Reputation: 147
I need you help to validate a regular expression link in Python. Here's how should the link look like:
http://www.example.com?utm_source=something&utm_medium=somethingelse
And I've tried something like:
r'^\?utm_source\=(?P<utm_source>[-\w]+)&utm_medium\=(?P<utm_medium>[-\w]+)/$'
But this doesn't work. Can you please help me? Which (other) characters should be escaped?
Upvotes: 0
Views: 717
Reputation: 141770
This is a classic XY problem.
Tim's answer, gives you the solution you asked for.

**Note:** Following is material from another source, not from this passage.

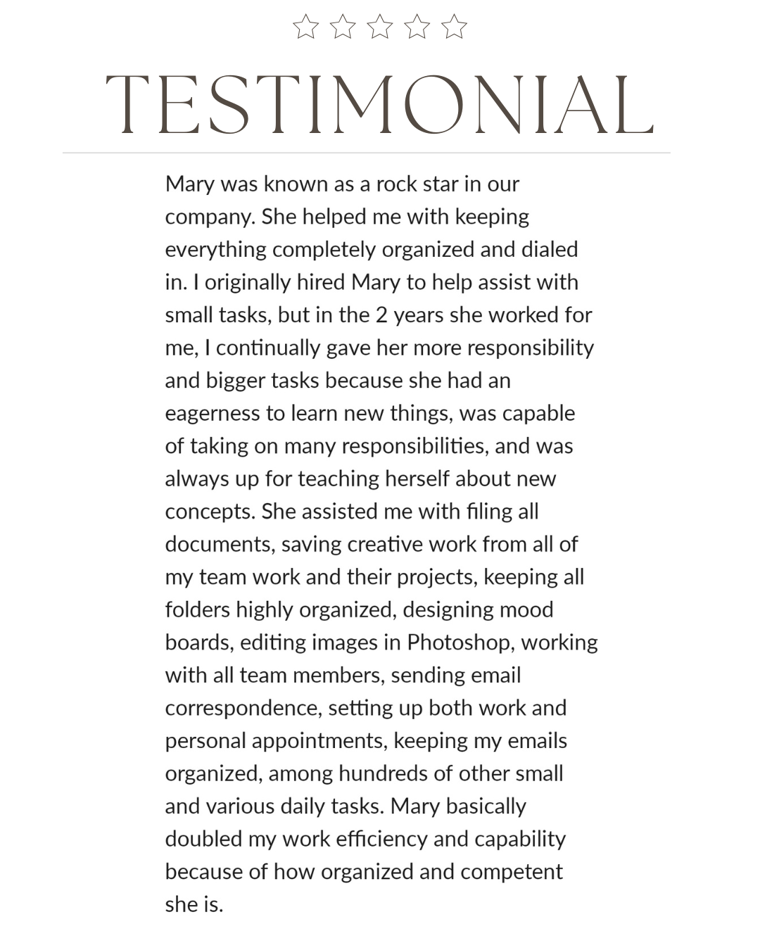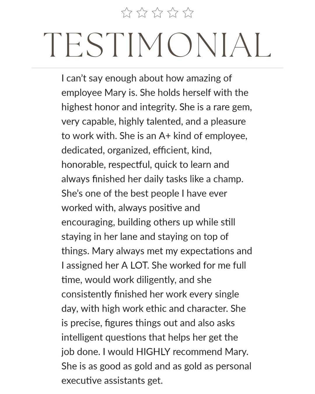 ❝ You were an excellent EA, picking things up really fast and helping us enormously. ❞
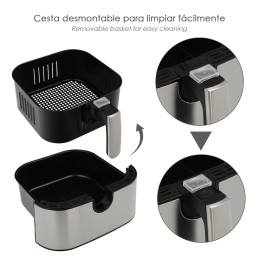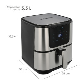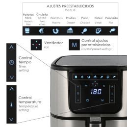 Potencia: 1800 W. Capacidad 5.5 litros. Ajuste de temperatura de 80 a 200º C. Temporizador de hasta 60 minutos.

I'd suggest that you do not need regular expressions here at all if all you want to do is validate a query string.
Take a look at urlparse
...
>>> a_url = 'http://www.example.com?utm_source=something&utm_medium=somethingelse'
>>> parser = urlparse.urlparse(a_url)
>>> qs = urlparse.parse_qs(parser.query)
>>> 'utm_medium' in qs
True
>>> len(qs['utm_medium']) == 1
True
>>> qs['utm_medium'][0].isalpha()
True
>>> 'utm_source' in qs
True
>>> len(qs['utm_source']) == 1
True
>>> qs['utm_source'][0].isalpha()
True
>>> 'utm_zone' in qs
False
Upvotes: 4
Reputation: 336078
You don't need all those escapes:
r'^\?utm_source=(?P<utm_source>[-\w]+)&utm_medium=(?P<utm_medium>[-\w]+)/$'
Then, your regex only matches a complete string; it won't find a sub-match, so perhaps you need to remove the anchors?
r'\?utm_source=(?P<utm_source>[-\w]+)&utm_medium=(?P<utm_medium>[-\w]+)/'
Finally, the slash at the end is required in the regex but missing from your example string. So how about
r'\?utm_source=(?P<utm_source>[-\w]+)&utm_medium=(?P<utm_medium>[-\w]+)/?'
Upvotes: 1